# Lake Catauqua



## CHOPIQ (Apr 6, 2004)

Well doesn't look like we will have good ice in Erie, Pa. for awhile so instead of going there this year we are moving our ice fishing trip to Lake Chatauqua Feb. 8-12. Can anyone give me any information on where to stay, fish, buy bait or any information at all. There will be 6-8 of us so we would like to get a big cabin or lodge. ANy info will have as we have never been there before.


----------



## ParmaBass (Apr 11, 2004)

Hogans Hut for bait and Tom's Tavern for food! Don't have any info on lodging for you. Hoping to get up there a few times myself, IF/WHEN they get good ice. If the Perch are hungry it gets insane!


----------



## DaleM (Apr 5, 2004)

John,
Keep us updated. I may make that trip myself. I'd love to hit Presque but if there's not good ice Chatauqua would be a good choice.


----------



## ICENUT (Apr 29, 2008)

AS of now there ice is no better than ours also covered with tons of snow!!!!Maybe if it stays cold but the forecast dont look like it!!Even Mich and canada at simcoe are having the same problems with safe ice!!!


----------



## fishingdude (Nov 24, 2010)

Cancel your trip because it's not happening.


----------



## ErieRider (Mar 23, 2010)

How much for a Out of State NY Fishing license. I was told they jacked up all their prices so we did not go at all this year.

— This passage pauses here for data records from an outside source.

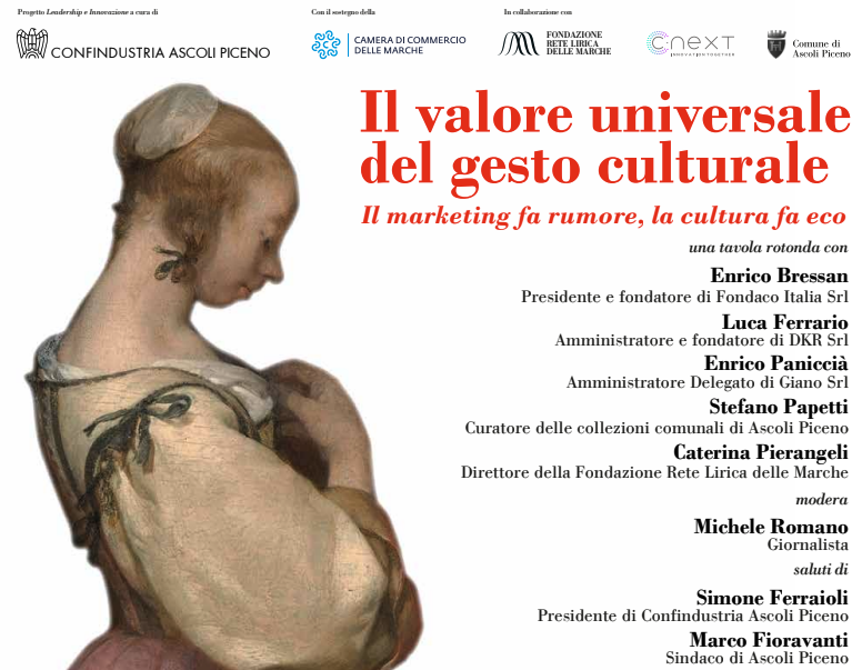 Infatti, dopo i saluti del Presidente Simone Ferraioli e del Sindaco Marco Fioravanti, si aprirà la tavola rotonda dal titolo “Il marketing fa rumore, la cultura fa eco”, che riunirà alcune autorevoli voci del panorama culturale e imprenditoriale regionale e nazionale. Interverrà Enrico Bressan, Presidente e fondatore di Fondaco Italia Srl, società specializzata in progetti di valorizzazione del patrimonio artistico e nella costruzione di partnership tra istituzioni culturali e imprese. Sarà presente Luca Ferrario, fondatore e amministratore di DkR S.r.l., realtà innovativa impegnata nello sviluppo di soluzioni digitali avanzate, cloud e tecnologie emergenti applicate ai processi aziendali.
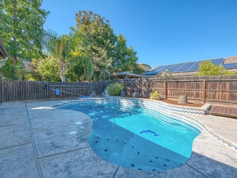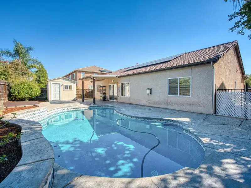 - Low-maintenance backyard with pool
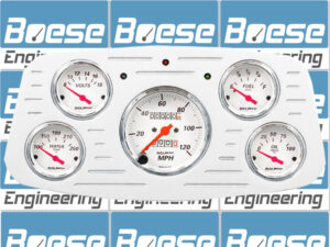 Includes aluminum dash insert, Auto Meter Ford Masterpiece Silver gauges & turn signal/high beam indicators.

Is that true??


----------



## K gonefishin (May 4, 2004)

70 for a yearly, 15 daily. Yeah sucks I go every year for salmon I make a few trips so I just buy a yearly, really adds to the cost of fishing up there, 2 years ago it used to be 40.00 for the year for non resident.


----------



## Kastmaster93 (Aug 6, 2008)

Lodging at we wan chu is pretty good. That's where we've stayed when up there, never in the winter though. I'm trying to get out there this year as well
Kast


----------



## Carpman (May 18, 2005)

Um.....I would wait to see what happens....supposed to be in the 50's with sun this weekend.


----------



## ParmaBass (Apr 11, 2004)

Carpman said:


> Um.....I would wait to see what happens....supposed to be in the 50's with sun this weekend.


Nothing but negative vibes coming from you in the Hard water forum... I'm sure he's smart enough to plan an ice fishing trip on his own.


----------